FHC’s phone ban fails at helping our education

Opinions expressed in editorials on The Central Trend are the view of the individual writer and are not the opinion of the entire staff of The Central Trend or the Forest Hills Central staff or administration.

For about as long as I’ve had my phone, there has been the school’s phone ban. Some years, I was to put it in a weird pocket thing, and other years, I could just have it in my pocket. Yet, never have I been able to use it in class.

This always seemed odd to me. I always found my phone to be a great source of not only entertainment, but information too. Yet as the years went by, I found myself slowly coming to the realization that the ban just doesn’t work.

To me, the phone ban was always a thing of control—of limiting distractions. I believe that the ban was made with a pure intent: to make the school a place for only learning. The thing is, it doesn’t work at all.

If the point was to limit distractions, then it failed. I don’t say this to disrespect the rule-makers, but banning phones does not remove the distractions of the modern world.

Too many days I come to school with my Nintendo Switch or 3DS, and from a technical standpoint, the staff can’t do anything other than ask me to put it away. Now I can, and have, spent entire classes just playing games and relaxing; I’ve spent my time in school mentally not in school.

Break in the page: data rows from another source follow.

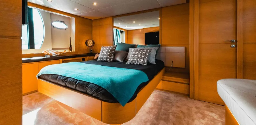Montez à bord du Pershing 64 et découvrez son luxe raffiné. Le pont spacieux offre un espace idéal pour se détendre au soleil ou se divertir avec des amis et de la famille. À l'intérieur, l'ambiance est à la fois élégante et confortable, avec des matériaux de haute qualité et des finitions impeccables.
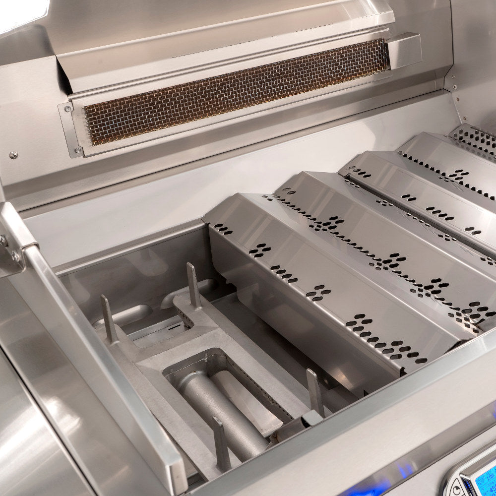 - 48-inch gas grill includes an infrared sear burner and three(3) thick cast stainless steel burners boasting 112,000 BTUs of cooking power.
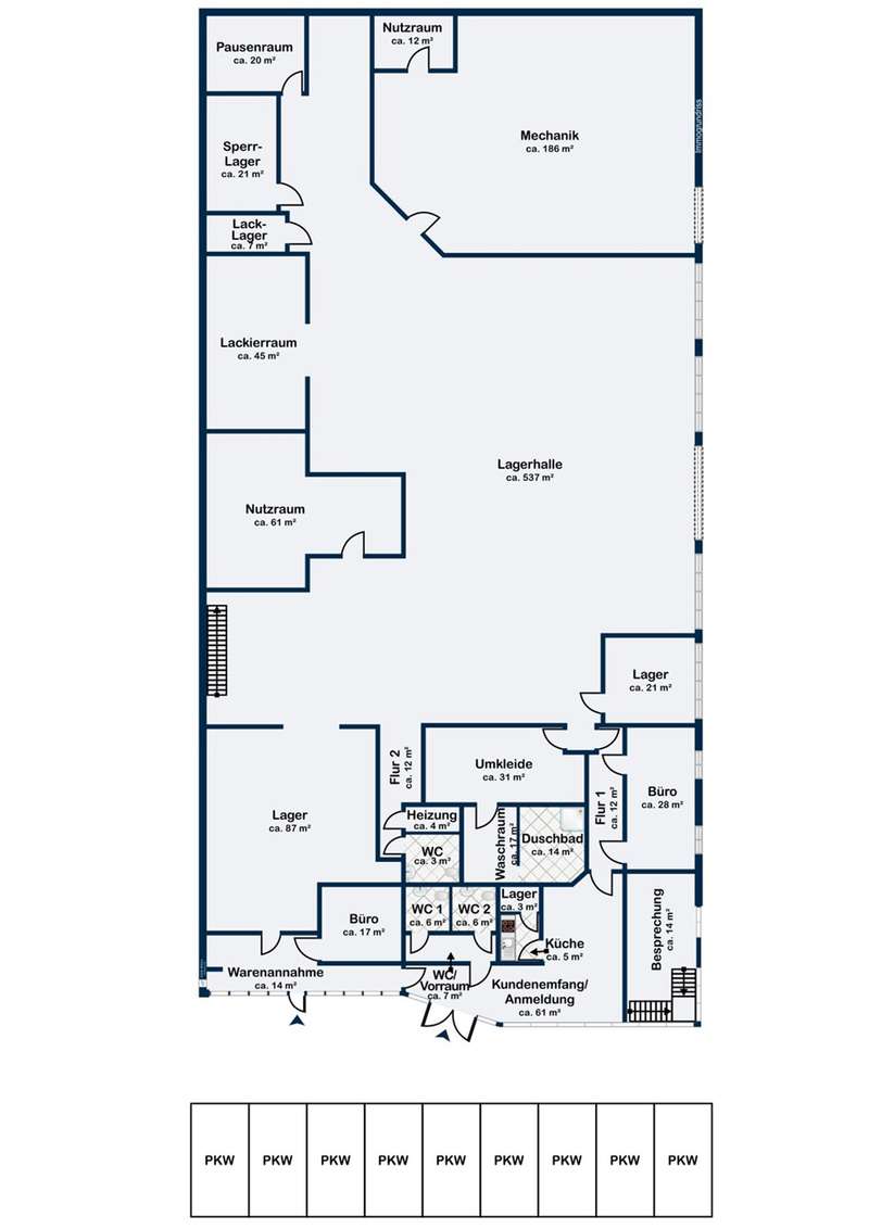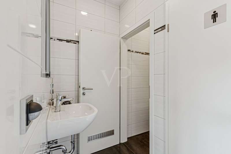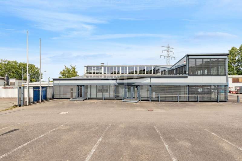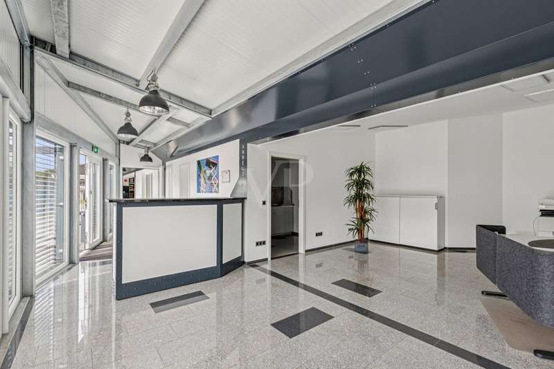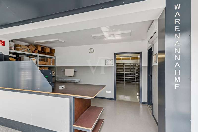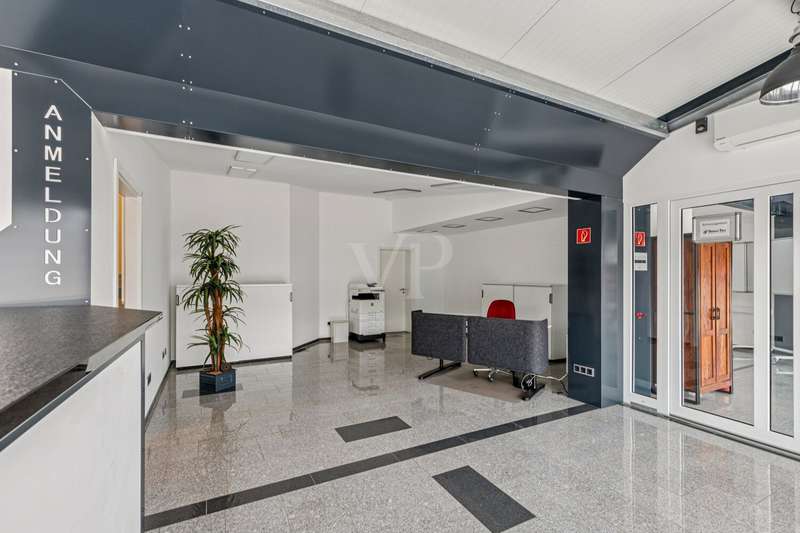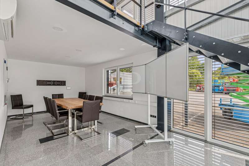 Welcome to your new commercial unit - where function meets fascination! With its urban look, stylish design details and a generous area of approx. 1,400 m², this modern commercial unit impresses with its well thought-out room structure and versatile usage options. The front section from 2019 was built as a modern new building in a trendy industrial style. A striking sheet metal façade with durable sandwich panel cladding gives the building character and a professional appearance. Generous window areas with electric external blinds provide light, security and a pleasant working atmosphere. Inside, sophisticated functionality meets contemporary design. The reception area with a custom-built customer reception desk is both inviting and efficient, while on the upper floor an open 360° office with fine end-grain parquet flooring and sweeping views as well as a high-quality meeting room create space for creativity and communication. At the same time, the operational area of the new building offers ideal conditions for logistical processes: short distances, clear processes and a direct connection to the adjacent warehouse enable smooth handling of all delivery and order-related processes. The warehouse, built in 1990, offers enormous potential - whether for production, storage or assembly. Among other things, it is equipped with a paint booth including a crane, as well as two indoor cranes, each with a load capacity of 5 tons and an impressive span of 25 meters. Thanks to two electrically operated roller shutters with remote control, deliveries can be made easily at any time, even with larger vehicles or trucks. This property is the perfect symbiosis of modern architecture, well thought-out planning and flexible use. It is ideal for companies that want to combine office, storage and production space in a single, prestigious location - and value style, efficiency and sustainability.

This is my issue with the phone ban. It brings up a limitation that is easily bypassed with even the most basic of loopholes and rules-lawyering work, too. The limitations of what the ban does feel more of a restriction of rights than a rule for bettering education.

Yet if other distractions were banned, would that even solve the problem? Not really. If my phone, Switch, 3DS, and anything else I could bring were banned, then I would still have a device that is instrumental to my education.

In most students’ bags lies a device; one which can give us infinite information: a computer. These pieces of tech are a part of students’ daily lives at school. We can use them to create, research, or play games.

That last one stays true for me. Most of the time, when I have my computer up in class, there is a chance that I am playing a game. I can have some installed on my computer and just play games all class long, and of course, there are also the browser games that all computers can play.

The limitations of what the ban does feels more of a restriction of rights than a rule for bettering education.

The school has blocked some sites with its internet, and that has problems of its own, but blocking sites hasn’t helped. There are always sites that get past the filter; not even just the incredibly sketchy sites that have ads that would give you a virus.

The phone ban doesn’t do enough. The limits it imposes are a restriction on students that makes no impact on their education. If it wants to be impactful, take fewer liberties with students. Don’t ban phones, ban games in class.

Yet to ban games wouldn’t solve the problem either. Students who want to be distracted from class will find a way. After phones were banned, students just hid them better. If games were banned, students would learn how to hide them better.

Distractions are all around us. I could spend an entire class period writing for fun; that at least looks like work. I could spend a whole class period reading, absorbed into that world instead of our own.

There is no solution for how to stop students from being distracted in class. Those who wish to be somewhere else mentally will have their attention leave. The phone ban just limits what students can do without punishment, but it has never, nor ever will, stop them. 

I can only see two resolutions. One could be to resolve the ban entirely. Punish students who are distracted in class with the consequences of their actions, the falling of their grades. Or push the rule further. Ban everything, remove all distractions so that students can “properly learn” in class.